## Task to complete
Reproduce word for word the line that contains "Center za nego" and every line after it to the end of the records, with nothing else added.
[[ Data provided, beginning ]]
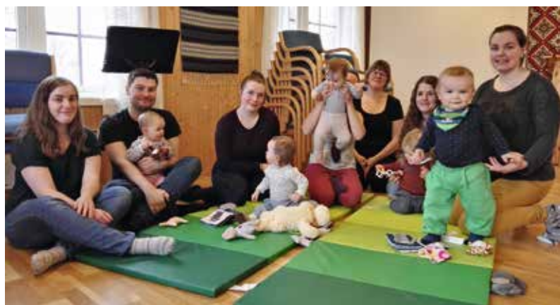
Trilletreff med hele 6 barn pluss foreldre – kjempegøy!

Ca. hver tredje mandag har vi Trilletreff for foreldre i fødselspermisjon. Vi starter med en trilletur fra Sakshaug kirke kl. 11.00 og avslutter med lunsj på lillesalen. Dette er en fin måte å bli kjent med andre foreldre og barn, i tillegg til litt trim. Første gang etter sommeren blir mandag 27. august kl. 11.00. Håper vi ser mange nye fjes i tillegg til gamle!
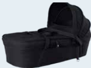
Capazo Negro 90000403
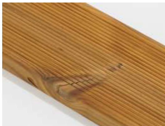
Jednoduchá prasklina suku je povolena.
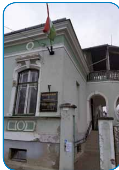
Center za nego starejših v Monoštru, ki je v upravljanju Samoupravnega združenja Monošter in okolica, oskrbuje starejše občane v 14 vaseh in v Monoštru

Evropsko teritorialno združenje Muraba je s 1. marcem pričelo s projektom MOTIVAGE, kate-rega glavni cilj je razvoj čezmejne, starejšim prijazne regije na območju Lendave in Monoštra. Projekt bo poskušal prispevati k številnim dejavnostim za smiselno in aktivno staranje, kot sta organizacija delavnic ali upokojske univerze. Projekt bo trajal do 31. avgusta 2022, njegova vrednost je 338.960 evrov.
[[ Data provided, end ]]
## Task answer
Center za nego starejših v Monoštru, ki je v upravljanju Samoupravnega združenja Monošter in okolica, oskrbuje starejše občane v 14 vaseh in v Monoštru

Evropsko teritorialno združenje Muraba je s 1. marcem pričelo s projektom MOTIVAGE, kate-rega glavni cilj je razvoj čezmejne, starejšim prijazne regije na območju Lendave in Monoštra. Projekt bo poskušal prispevati k številnim dejavnostim za smiselno in aktivno staranje, kot sta organizacija delavnic ali upokojske univerze. Projekt bo trajal do 31. avgusta 2022, njegova vrednost je 338.960 evrov.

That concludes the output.